Advanced Features
Pipeline Support
mpmsub supports chaining subprocess commands together using pipes, similar to shell pipes (cmd1 | cmd2 | cmd3).
Pipeline Creation
import mpmsub
p = mpmsub.cluster(cpu=4, memory="8G")
# Method 1: Pipeline convenience function
pipeline_job = mpmsub.pipeline([
["cat", "dataset.txt"],
["grep", "pattern"],
["sort", "-n"],
["head", "-20"]
], cpu=1, memory="500M", stdout="results.txt")
# Method 2: Builder pattern with pipe_to()
log_analysis = mpmsub.Job(["cat", "/var/log/access.log"]) \
.pipe_to(["grep", "ERROR"]) \
.pipe_to(["sort"]) \
.pipe_to(["uniq", "-c"]) \
.cpu(1).memory("200M") \
.stdout_to("error_summary.txt")
p.jobs.extend([pipeline_job, log_analysis])
p.run()
Pipeline Features
- Automatic piping between commands
- Error handling for individual commands
- Memory monitoring across the entire pipeline
- Output redirection for final command
- Resource scheduling like any other job
Output Redirection
Automatically redirect subprocess stdout and stderr to files.
import mpmsub
p = mpmsub.cluster(cpu=4, memory="8G")
# Dictionary interface
p.jobs.append({
"cmd": ["python", "analysis.py"],
"cpu": 2, "memory": "2G",
"stdout": "results.txt", "stderr": "errors.txt"
})
# Job object interface
job = mpmsub.Job(["python", "ml_script.py"]) \
.cpu(4).memory("4G") \
.stdout_to("output.txt").stderr_to("errors.txt")
# Pipeline output redirection (applies to final command)
pipeline = mpmsub.pipeline([
["cat", "data.csv"],
["python", "process.py"]
], cpu=2, memory="3G", stdout="report.txt")
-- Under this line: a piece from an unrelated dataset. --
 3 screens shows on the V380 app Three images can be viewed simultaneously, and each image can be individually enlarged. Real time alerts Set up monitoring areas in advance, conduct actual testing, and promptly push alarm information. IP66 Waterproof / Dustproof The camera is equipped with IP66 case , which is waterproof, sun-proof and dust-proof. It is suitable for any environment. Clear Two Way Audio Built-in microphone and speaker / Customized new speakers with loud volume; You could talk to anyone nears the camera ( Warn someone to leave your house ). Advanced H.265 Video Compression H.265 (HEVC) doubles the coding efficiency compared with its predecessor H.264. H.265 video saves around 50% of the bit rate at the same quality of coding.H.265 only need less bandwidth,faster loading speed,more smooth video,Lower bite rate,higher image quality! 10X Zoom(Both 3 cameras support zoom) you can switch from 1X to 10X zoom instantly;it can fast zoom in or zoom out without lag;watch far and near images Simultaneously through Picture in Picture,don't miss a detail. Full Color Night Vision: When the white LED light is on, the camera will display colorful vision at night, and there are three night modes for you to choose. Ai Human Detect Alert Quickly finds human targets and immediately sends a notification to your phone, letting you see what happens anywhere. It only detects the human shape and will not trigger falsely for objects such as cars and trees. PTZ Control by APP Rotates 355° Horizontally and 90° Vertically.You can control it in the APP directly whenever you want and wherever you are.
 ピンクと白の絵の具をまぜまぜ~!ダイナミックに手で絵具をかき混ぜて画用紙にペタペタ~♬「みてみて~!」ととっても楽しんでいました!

p.jobs.extend([job, pipeline])
p.run()
Flexible API
mpmsub supports multiple parameter names for better usability:
import mpmsub
# CPU parameter names (all equivalent)
job1 = mpmsub.job(["echo", "test"], p=4) # Traditional
job2 = mpmsub.job(["echo", "test"], cpu=4) # Alternative
job3 = mpmsub.job(["echo", "test"], cpus=4) # Alternative
# Memory parameter names (all equivalent)
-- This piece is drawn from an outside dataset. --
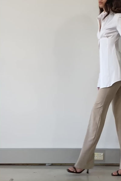 A classic aaizél pant, this two tone straight pant is cut from repurposed fabrics. It features v-back detail and front flap pockets.
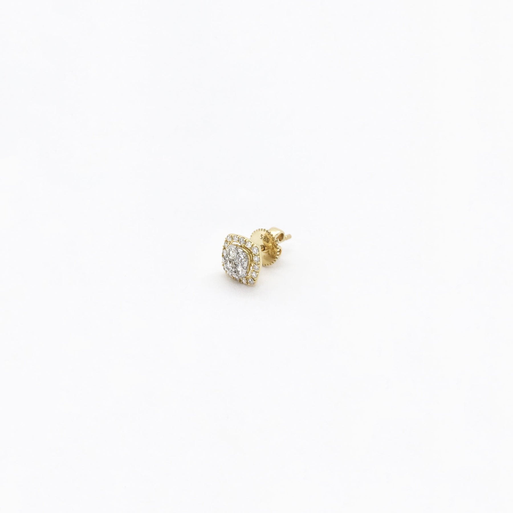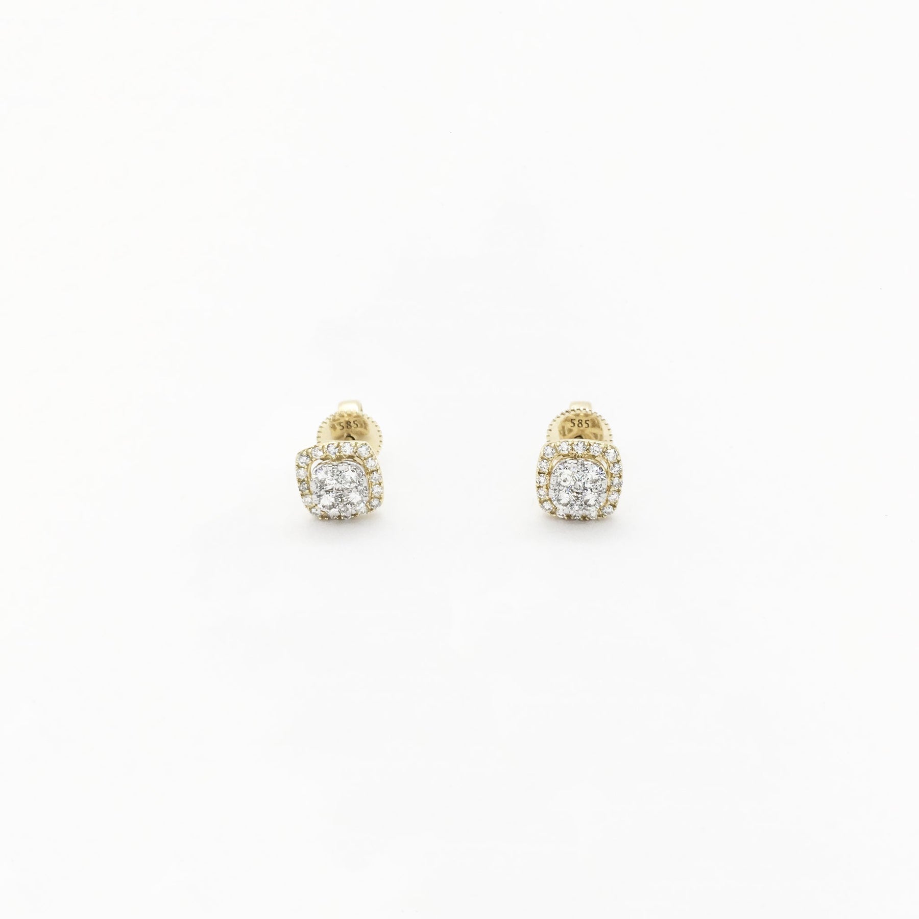 Diamond Round Square Halo Stud Earrings (14K) front - Lucky Diamond - New York

job4 = mpmsub.job(["echo", "test"], m="1G") # Traditional
job5 = mpmsub.job(["echo", "test"], memory="1G") # Alternative
# Mixed usage is supported
job6 = mpmsub.job(["echo", "test"], cpu=2, m="1G")
# Cluster creation
p = mpmsub.cluster(cpu=4, memory="8G") # Alternative syntax
p = mpmsub.cluster(p=4, m="8G") # Traditional syntax
Resource Information
# Show system resources when creating cluster
p = mpmsub.cluster(describe=True)
# Or call describe_resources() method
p.describe_resources()
Example Workflows
Bioinformatics Pipeline
import mpmsub
p = mpmsub.cluster(cpu=8, memory="32G")
# Quality control pipeline
qc_pipeline = mpmsub.pipeline([
["fastqc", "raw_reads.fastq"],
["trimmomatic", "SE", "raw_reads.fastq", "trimmed.fastq", "TRAILING:20"]
], cpu=4, memory="4G", stderr="qc_errors.txt")
# Assembly job
assembly = mpmsub.Job(["spades.py", "--single", "trimmed.fastq", "-o", "assembly"]) \
.cpu(8).memory("16G").stdout_to("assembly.log")
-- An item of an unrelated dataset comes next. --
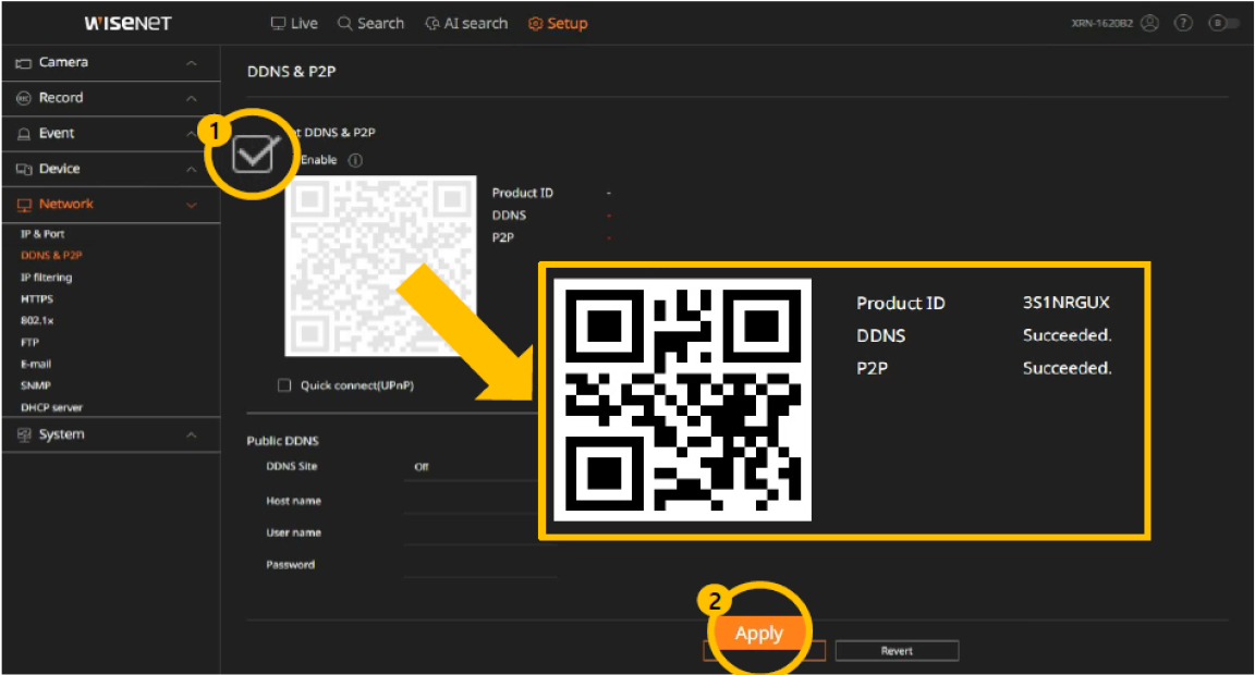 b. [Setup] > [Network] > [DDNS/P2P] > [Enable] to activate QR code

p.jobs.extend([qc_pipeline, assembly])
p.run()
Data Science Workflow
import mpmsub
p = mpmsub.cluster(cpu=6, memory="16G")
# Preprocessing pipeline
preprocessing = mpmsub.pipeline([
["python", "download_data.py"],
["python", "clean_data.py"]
], cpu=2, memory="4G", stdout="preprocessing.log")
# Model training
models = [
mpmsub.job(["python", "train.py", "--model", "rf"], cpu=2, memory="3G"),
mpmsub.job(["python", "train.py", "--model", "xgb"], cpu=2, memory="3G")
]
p.jobs.append(preprocessing)
p.jobs.extend(models)
p.run()